■ Stored records:
┌──

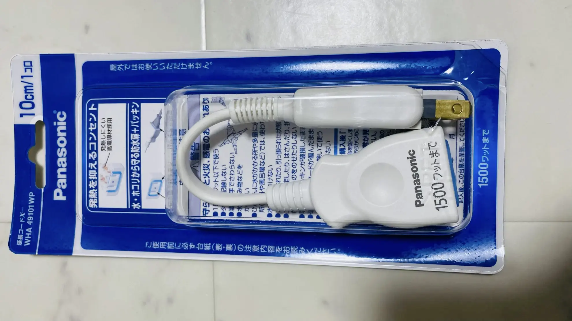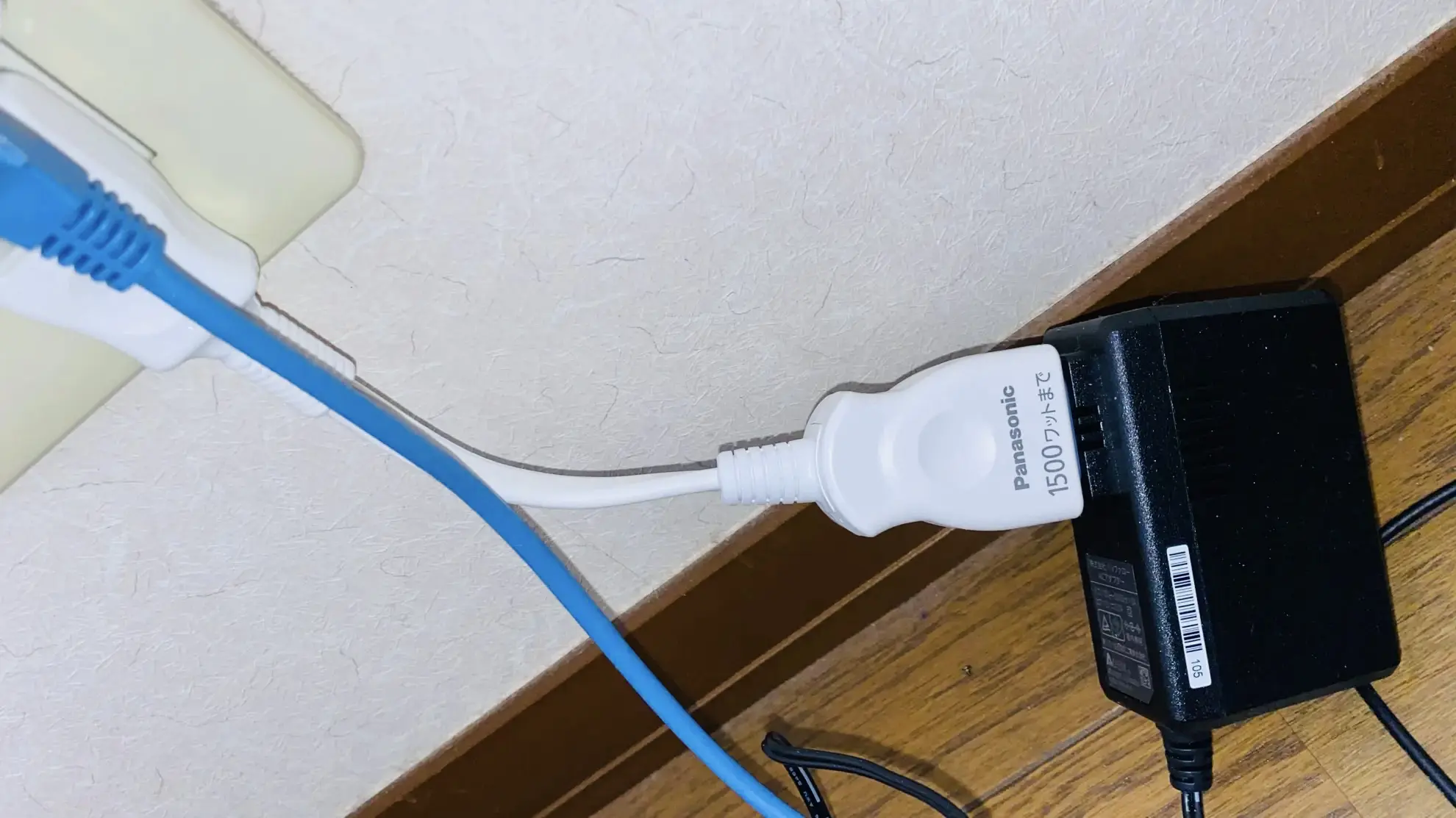 それからこの中継機はコンセントに直付するタイプで、壁の電源プラグを多く占有してしまう。さらにnasneのACアダプターも大きいため干渉して壁のコンセントにはそのまま刺さらない。それを解消するべく、10cmのPanasonicの延長コードも購入した。
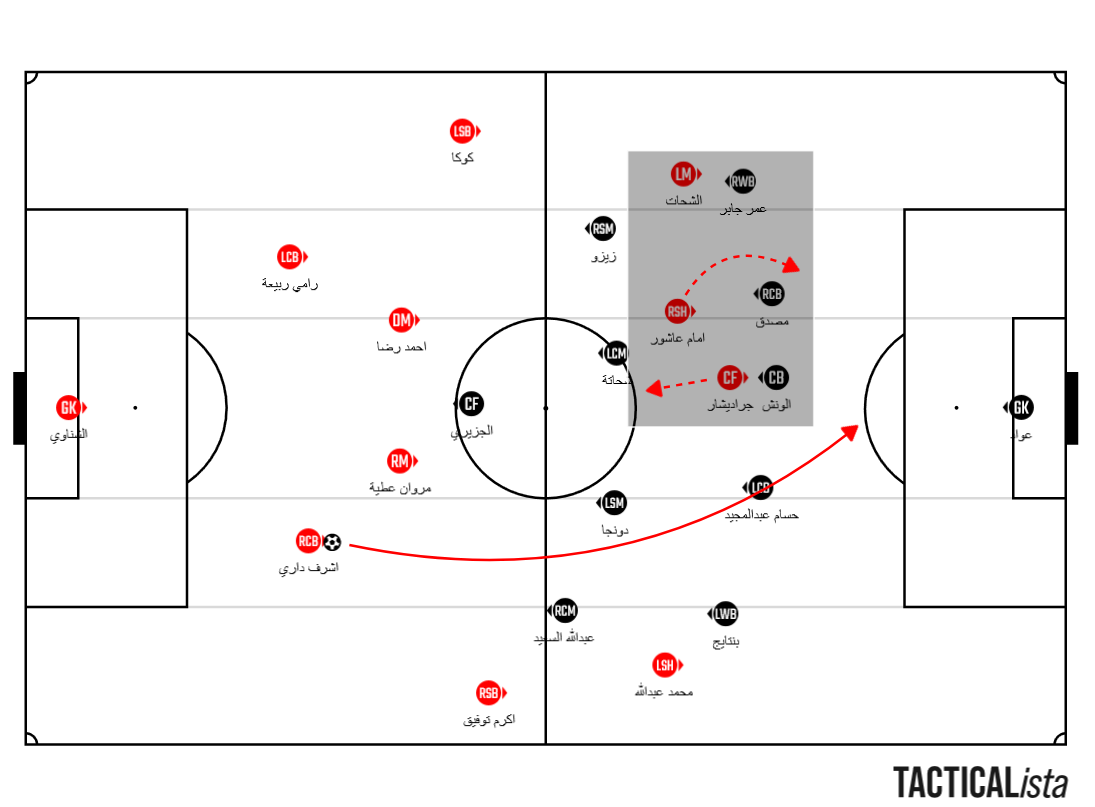 ما الذي اختلف عن الحالة السابقة ؟ هو قرار اللاعب كوكا بالتمرير لجراديشار خلف المساحة التي وفرها حسين الشحات بتحركه بدون كرة مما يعطي الفرصة لجراديشار للاستلام في موقف 1 ضد 1
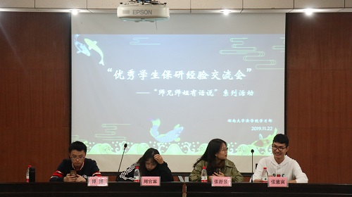 模拟法庭顺利举办。傅博、周官霖、张舒昱、张慈寅四位成功保送至中国政法大学、武汉大学、南京大学的16级优秀学生和17、18、19级的同学们分享自己的保研经验。
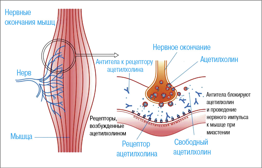 Миастения – аутоиммунное заболевание, в основе которого лежит патологическая выработка антител к ацетилхолиновым рецепторам постсинаптической мембраны нервно-мышечного синапса, что приводит к уменьшению количества функционирующих рецепторов концевой пластинки и в конечном итоге нарушению сокращения мышечного волокна (рис. 1) [1].
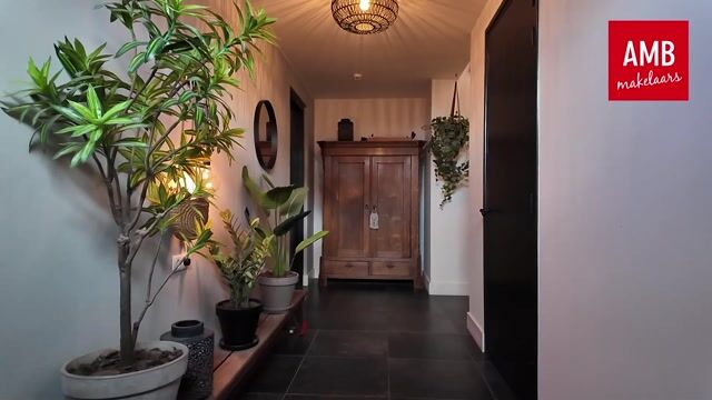 Via de voordeur betreed je de woning in een verzorgde en sfeervolle hal die meteen de juiste toon zet. De donkere tegelvloer, lichte wanden en warme accenten zorgen voor een rustige en uitnodigende binnenkomst. Aan de rechterzijde bevindt zich de meterkast, gevolgd door een praktische berging met de opstelling van de warmtepomp, elektrische boiler en waterontharder, en volop extra bergruimte.
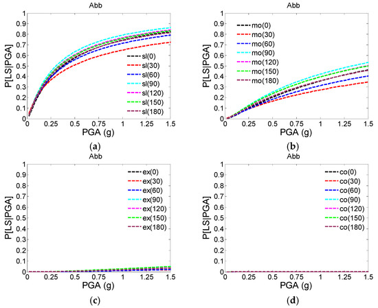 Seismic fragility curves of Abb subjected to different excitation angles in the (a) slight; (b) moderate; (c) extensive; and (d) complete limit states.
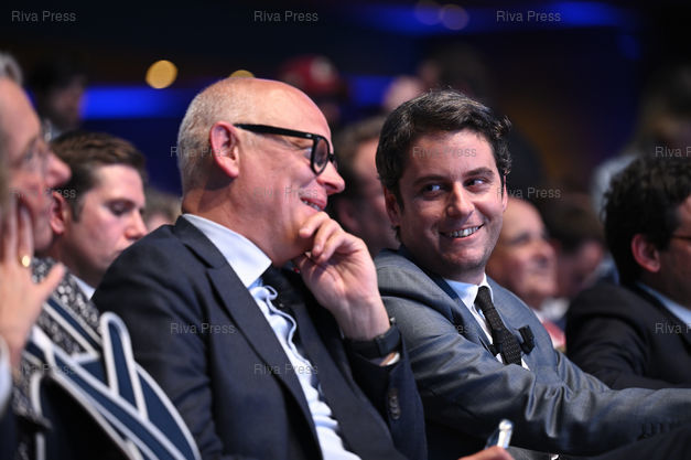 Légende : Meeting de campagne de la majorité présidentielle pour les élections européennes à la Maison de la Mutualité. Edouard Philippe - Gabriel Attal /// Campaign meeting of the presidential majority for the European elections at the Maison de la Mutualité. Edouard Philippe, former prime minister - Gabriel Attal, prime minister - Paris - 07/05/2024 - Photo © Lionel Préau +33 (0)6 68 12 83 77
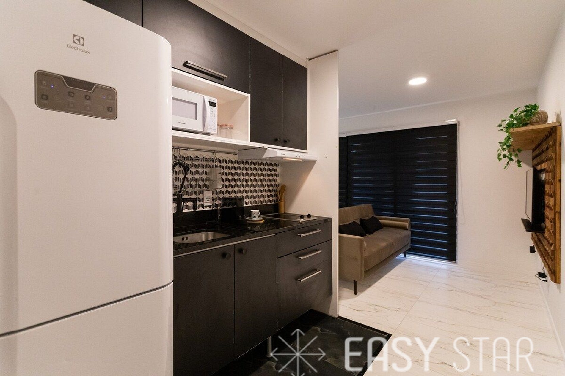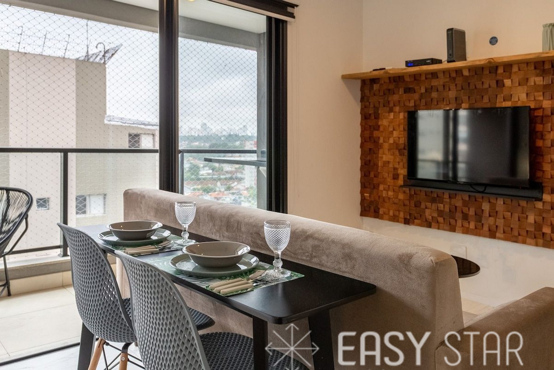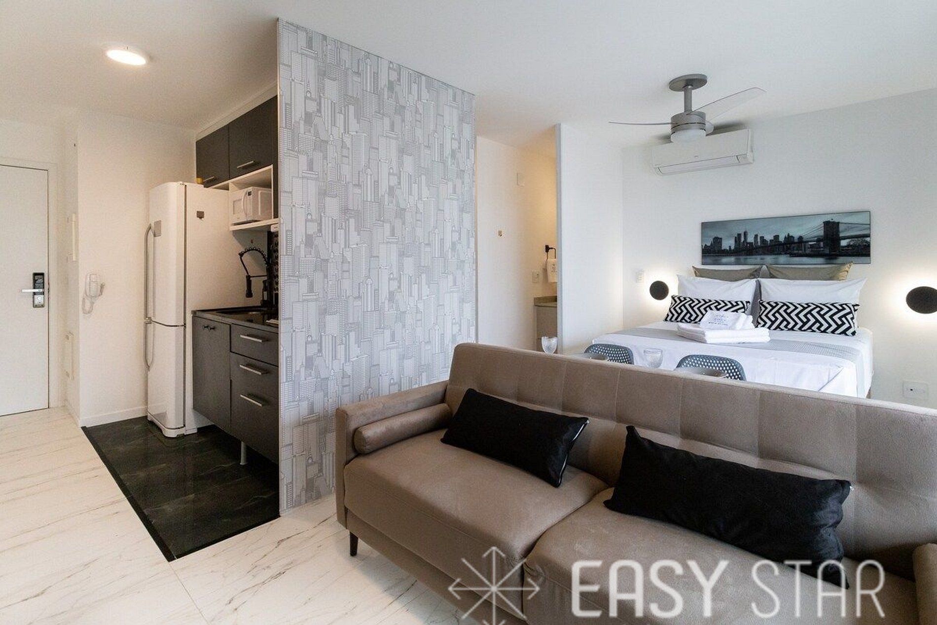 Além disso, o studio possui uma encantadora varanda com vista para o bairro, que oferece uma abundância de luz natural, criando um ambiente alegre e acolhedor.
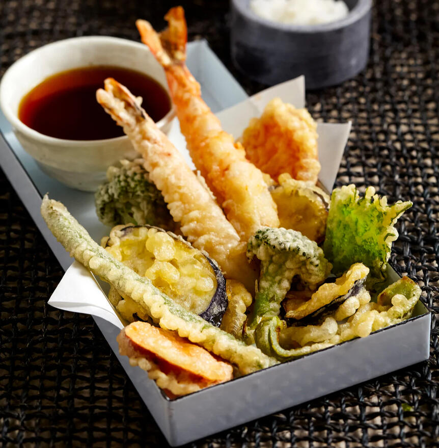 TEMPURA assortment, prawns and a generous amount of vegetables including popotos and mushrooms, battered and deep-fried to create a light and crispy coat, served with a dipping sauce. 2500g
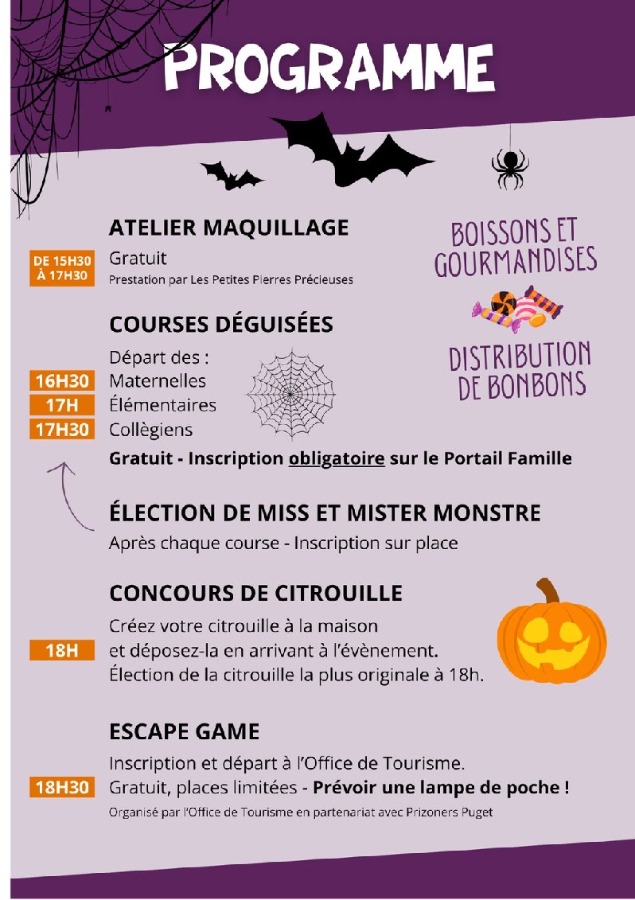 gratuit Jeune public Festivités loisir Halloween à Puget sur Argens Le 31/10/2025 Publié par Sylvie B le 13/10/2025 par quefaireenfamilledanslevar 13/10/2025 Escape game, concours de citrouille... Sortez vos plus beaux déguisements et venez fêter Halloween au Village le 31 octobre. Rendez-vous 𝘃𝗲𝗻𝗱𝗿𝗲𝗱𝗶 𝟯𝟭 𝗼𝗰𝘁𝗼𝗯𝗿𝗲 sur le parvis de l’Hôtel de Ville pour la fête la plus effrayante de l'année ! 𝗔𝘂 𝗽𝗿𝗼𝗴𝗿𝗮𝗺𝗺𝗲 : - 3 courses déguisées ouvertes aux enfants de 3 à 15 ans – premier départ 16h30 (inscription obligatoire sur le Portail Famille)- Maquillage sur place- Distribution de bonbons- Concours de citrouille- Escape game organisé par l’Office de Tourisme Intercommunal- Élection de Miss et Mister Monstre après chaque coursePréparez vos plus beaux costumes et plongez dans l’ambiance monstrueusement fun d'Halloween. Halloween en Paca : des vacances terrifiantes! En panne d'idées pour faire d'Halloween une fête originale? Sachez que de nombreuses communes organisent des activités spéciales pour l'occasion! Suivez le guide.. Tous publics vendredi 31 octobre 2025 15h30 Tous publics Centre Ville 137 Boulevard Cavalier Puget-sur-Argens FacebookTwitterEmail A découvrir également 15 jours pour profiter du Muséum départemental du Var avant sa fermeture Les temps forts à ne pas rater ce week-end du 18 et 19 octobre dans le Var 10 idées de sorties avec les enfants pendant les vacances d'automne dans le Var Disney en concert - Autour du monde à Toulon Idée de sortie en famille : Pour une Aventure Nature direction Aoubré Woofest s'installe à Nice : Le premier festival animalier fait escale sur la Colline du Château Sanary s'amuse pendant les vacances de la Toussaint Ollioules célèbre la 34e Fête de l'Olivier les 4 et 5 octobre 7 sites départementaux à (re)découvrir dans le Var pour les Journées du Patrimoine
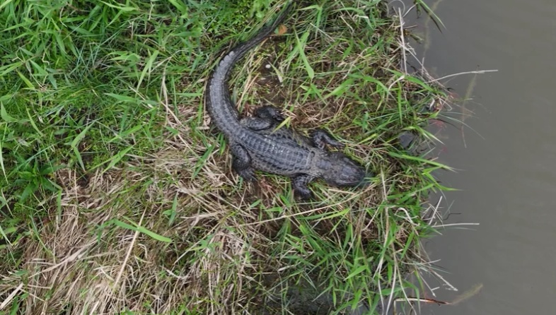 在另一处水域边,通过航拍发现,一只扬子鳄静静卧在河边一处水洼中,表皮黑亮,通体可见,正享受着温暖日光。
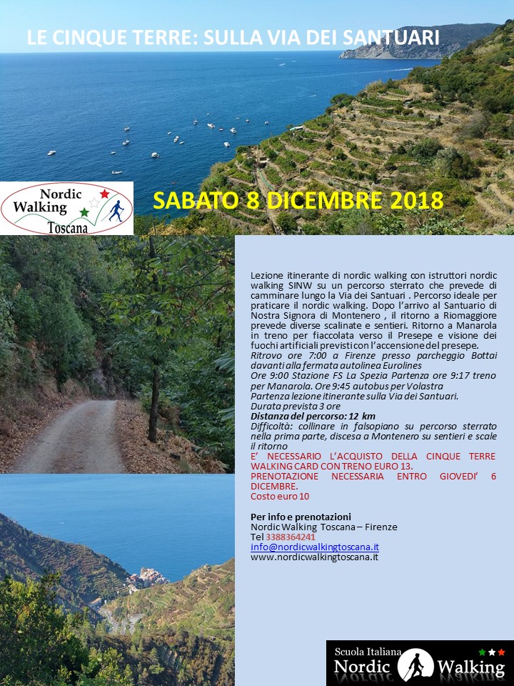 ??Lezione itinerante di nordic walking con istruttori nordic walking SINW su un percorso sterrato che prevede di camminare lungo la Via dei Santuari . Percorso ideale per praticare il nordic walking.in quanto prevede di camminare su una strada sterrata in falsopiano. Dopo l’arrivo al Santuario di Nostra Signora di Montenero, il ritorno a Riomaggiore prevede diverse scalinate e sentieri.
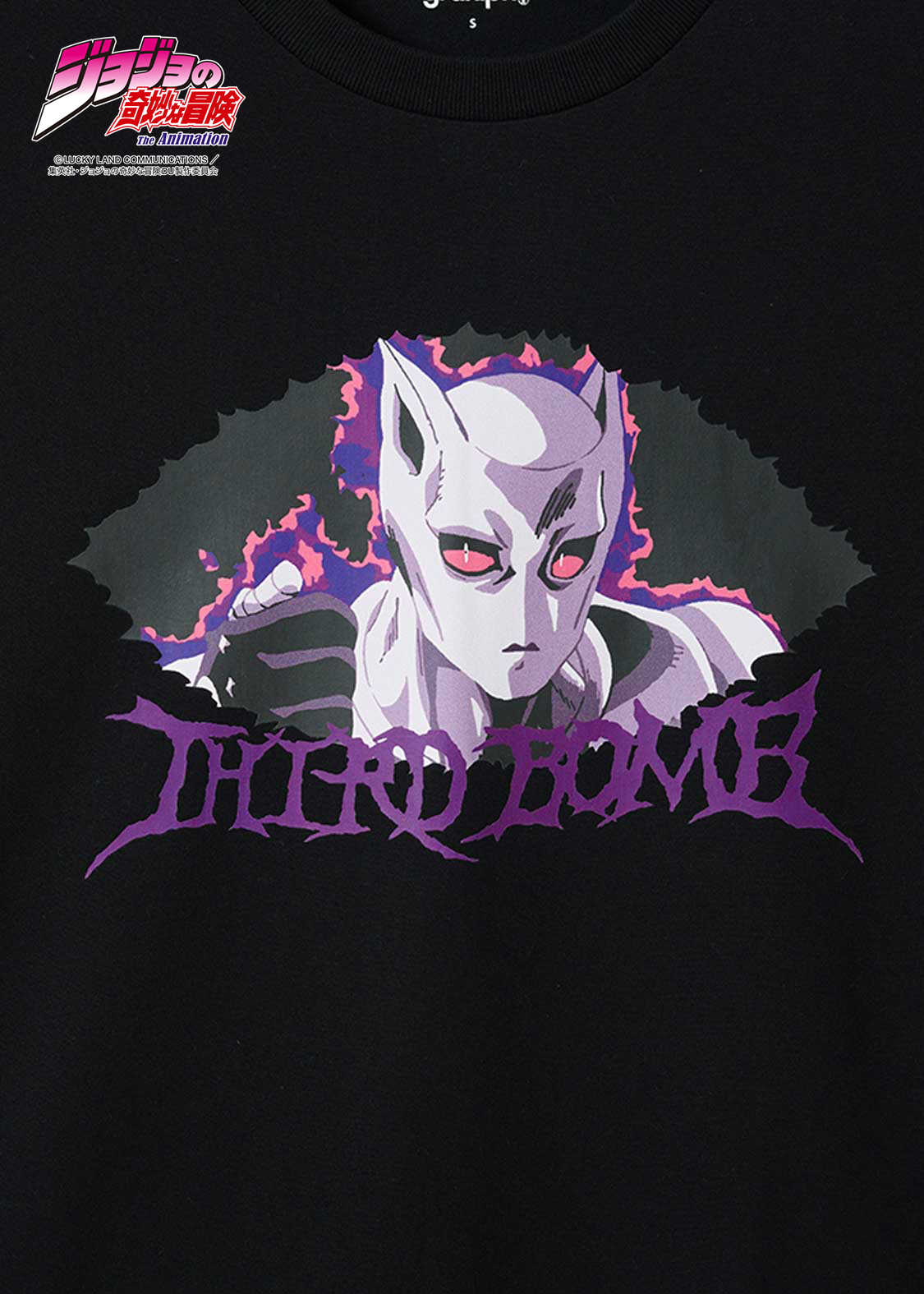 アニメ『ジョジョの奇妙な冒険 ダイヤモンドは砕けない』より。吉良吉影のスタンド「キラークイーン」第3の爆弾をモチーフにしたデザイン。正体を探ろうとして背面の裾をめくるとそこには・・・
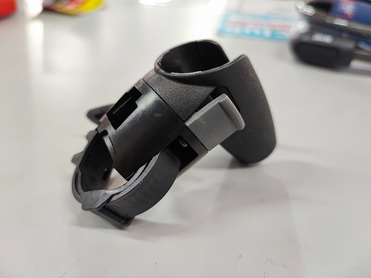 これが車体に取付するためのアダプターです。ロックを上から差し込んで固定、外す際は左右にあるグレーの部分を摘むようにするとロックが外れて引き抜くことができます。
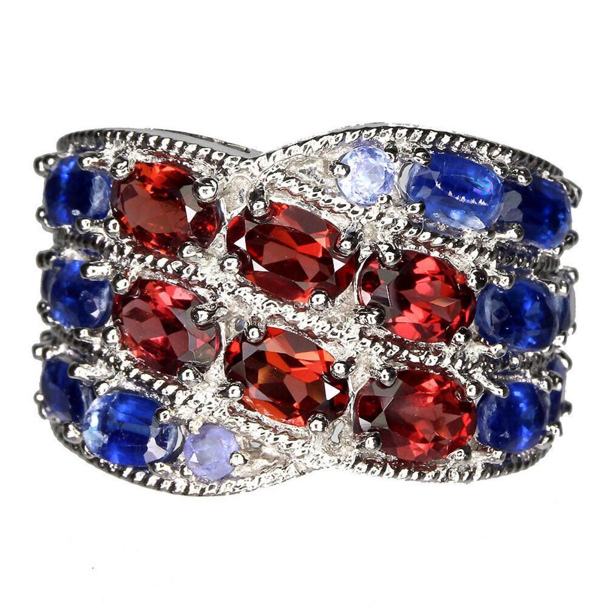 925 STERLING SILVER;PLATE-14K WHITE GOLD;RING SIZE/resizable-7.5;MAIN STONE-MOZAMBIQUE GARNET;OTHER GEMS-KYANITE, TANZANITE;TOTAL WEIGHT-9.65 GRAM (TOTAL WEIGHT OF SILVER + STONE)DIMENSION-* STONE 2.5 TO 6.0 X 4.0 MM. * RING SIZE 7.5 * FACE RING 27.0 X 17.0 MM.MAIN STONE SHAPE-OVAL CUT;MAIN STONE COLOR-TOP REDDISH;CLARITY/GRADE-IF TO VVSLUSTER-GORGEOUS;;TREATMENT-UNHEATED;ORIGIN-AFRICA;HARDNESS-7.0 - 7.5;
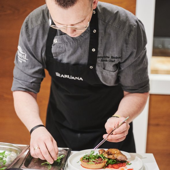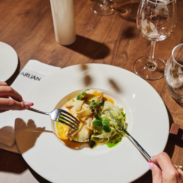 Menu stworzone przez Szefa Kuchni Aruana, Przemysława Bednarza, bazuje na regionalnych produktach najwyższej jakości, oddając jednocześnie hołd sezonowości i naturze. Każde danie jest tu efektem przemyślanej kompozycji smaków, tworzonej z dbałością o detale, aby zapewnić gościom niepowtarzalne doznania kulinarne.
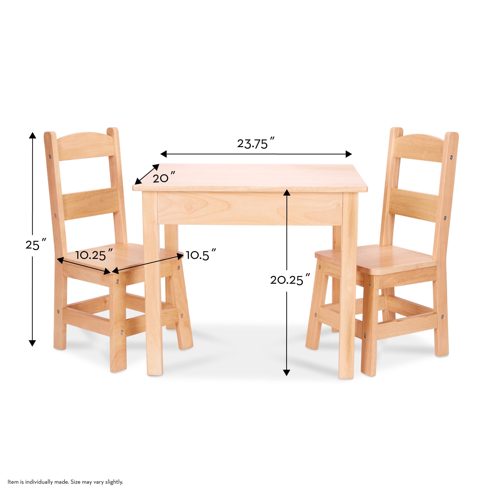 3-piece set (table and 2 chairs) gives children a kid-sized space for creativity Chair seat height: 11″ Sturdy wooden construction Easy assembly Additional set of 2 chairs sold separately to accommodate four kids at the table

└──

■ Exercise requirements: The answer must be an exact transcription of the lines from the one holding "アニメ『ジョジョの奇妙な冒険" to the last line of the entries above, with no pictures and nothing else.

■ Output:
 アニメ『ジョジョの奇妙な冒険 ダイヤモンドは砕けない』より。吉良吉影のスタンド「キラークイーン」第3の爆弾をモチーフにしたデザイン。正体を探ろうとして背面の裾をめくるとそこには・・・
 これが車体に取付するためのアダプターです。ロックを上から差し込んで固定、外す際は左右にあるグレーの部分を摘むようにするとロックが外れて引き抜くことができます。
 925 STERLING SILVER;PLATE-14K WHITE GOLD;RING SIZE/resizable-7.5;MAIN STONE-MOZAMBIQUE GARNET;OTHER GEMS-KYANITE, TANZANITE;TOTAL WEIGHT-9.65 GRAM (TOTAL WEIGHT OF SILVER + STONE)DIMENSION-* STONE 2.5 TO 6.0 X 4.0 MM. * RING SIZE 7.5 * FACE RING 27.0 X 17.0 MM.MAIN STONE SHAPE-OVAL CUT;MAIN STONE COLOR-TOP REDDISH;CLARITY/GRADE-IF TO VVSLUSTER-GORGEOUS;;TREATMENT-UNHEATED;ORIGIN-AFRICA;HARDNESS-7.0 - 7.5;
 Menu stworzone przez Szefa Kuchni Aruana, Przemysława Bednarza, bazuje na regionalnych produktach najwyższej jakości, oddając jednocześnie hołd sezonowości i naturze. Każde danie jest tu efektem przemyślanej kompozycji smaków, tworzonej z dbałością o detale, aby zapewnić gościom niepowtarzalne doznania kulinarne.
 3-piece set (table and 2 chairs) gives children a kid-sized space for creativity Chair seat height: 11″ Sturdy wooden construction Easy assembly Additional set of 2 chairs sold separately to accommodate four kids at the table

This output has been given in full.